What is the Role of The CHRO in Corporate Transformation?

David Lapin, CEO of Lapin International

The following is from an interview with David Lapin, CEO of Lapin International. This interview was edited for clarity.

  • Quick Takes from David Lapin on…

    Issues facing senior HR staffSenior HR leaders don’t have tangible tools to gauge their progress like other senior staff do. There’s nothing that they are delivering that is measurable enough to be able to attract the attention of the P&L guys, even though they talk the language. This adds to their disconnect.

    The need for a business philosophy

    Our strategic work is very much aligned with our human work. Our research finds that when a business develops, implements, and integrates a business philosophy, they outperform their peers by multiples.

    Challenges in implementation

    The first challenge is getting the leadership team to take time to develop the Philosophy. The willingness to invest is the second challenge. Last is getting HR people to do things other than just transacting, such as driving the strategic direction of the business into new areas.

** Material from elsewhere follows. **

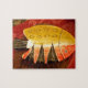 Puzzle poisson plat jaune et rouge avec rayures noires.jp

    Why many organizational transformations ultimately fail

    That’s because there is an attempt to transform the structure and process of the business without attempting to transform the thinking. If you’re only transforming the structure and the process, I don’t call that transformation. I call that change. A true business transformation requires transformation of thinking. And that’s where the HR team comes in.

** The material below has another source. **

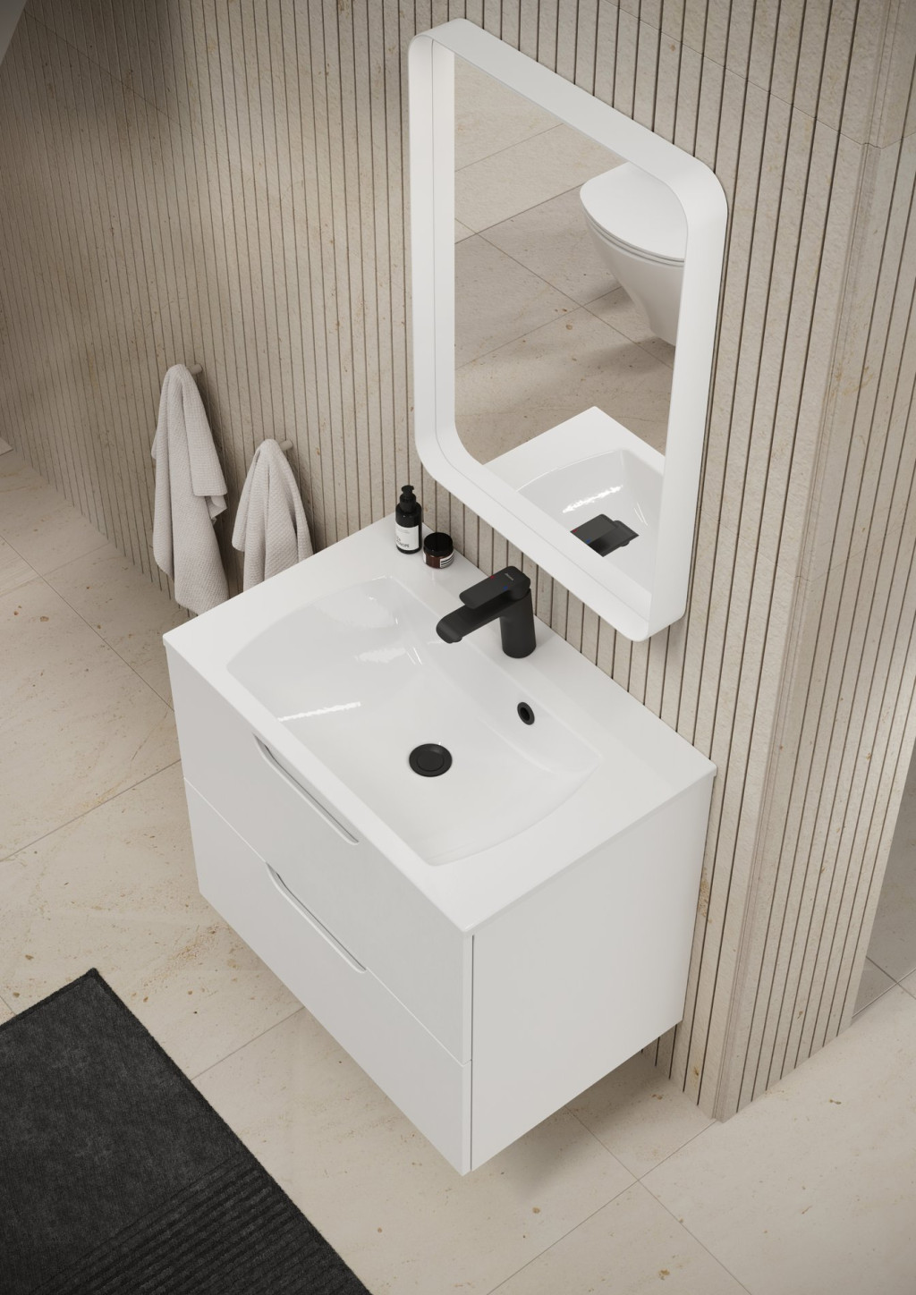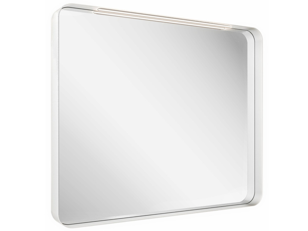 Téglalap alakú tükör vékony kerettel, fehér színben. LED világítással felszerelt.

    Difficulties in implementation

    I think it’s very difficult to make that change from within. It’s hard to change the thinking of an organization from within that very organization. You need an outside force to challenge the thinking. To question the thinking. To stretch the thinking.

    Ulterior motivations

    I sometimes think that CEOs, deep down, are hiring CHROs to take care of that nuisance called people. And although the language says, “People are our most valuable assets”, it’s clearly not true. Because when things get rough, what’s the first thing that happens? You cut people.

    Self investment

    CHROs are so focused on delivering to others, that they seldom get delivered to, particularly in the areas of development. They’re worried about attracting talent, but who’s developing them? The purpose of this workshop is to offer them an opportunity, for their own development.

    Final thoughts

    I think that the redefined CHRO, the reinvented CHRO, is the key to transformation for business, and it’s the key to business growth. CHROs need to be able to see their role as going far beyond the transactional acquisition of talent and the transactions of talent planning, and actually look at it as a much more dynamic role in partnering with the business’s leaders in growing the business.

Samuel Dergel: I’m fascinated by Senior HR people. But there’s a disconnect in companies, between where they see themselves wanting to add value and what they are relied upon to add value for. They continue to tell me that they have a challenge, becoming a serious partner to the C-Suite. What do you think are the causes of that, and what can they do to change it?

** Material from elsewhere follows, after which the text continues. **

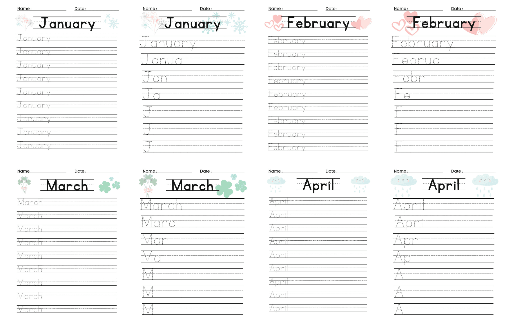 Clock-reading practice, weather charts, calendar skills, and responsibility trackers.

David Lapin: There are a few causes. One, is the degree that people think and act in silos. When people are in their business silo they are not thinking about things such as values and culture and how we think about life. In business, we tend to live in our business silo, and exclude other parts of our experience. Then again, businesses themselves are siloed. Business outcomes are driven by the people who have the P&L accounts. So, the effort is applied to those who have the P&L accounts and those who don’t just have a transactional responsibility. The finance guy has to watch and manage the finance, but he’s not expected to have a P&L account. So when, for example, the finance guy can start showing profit, because of the way they’ve restructured something that delivers value, or the tax that they’ve managed to save because they’ve done this or that, only then do people start taking notice of them.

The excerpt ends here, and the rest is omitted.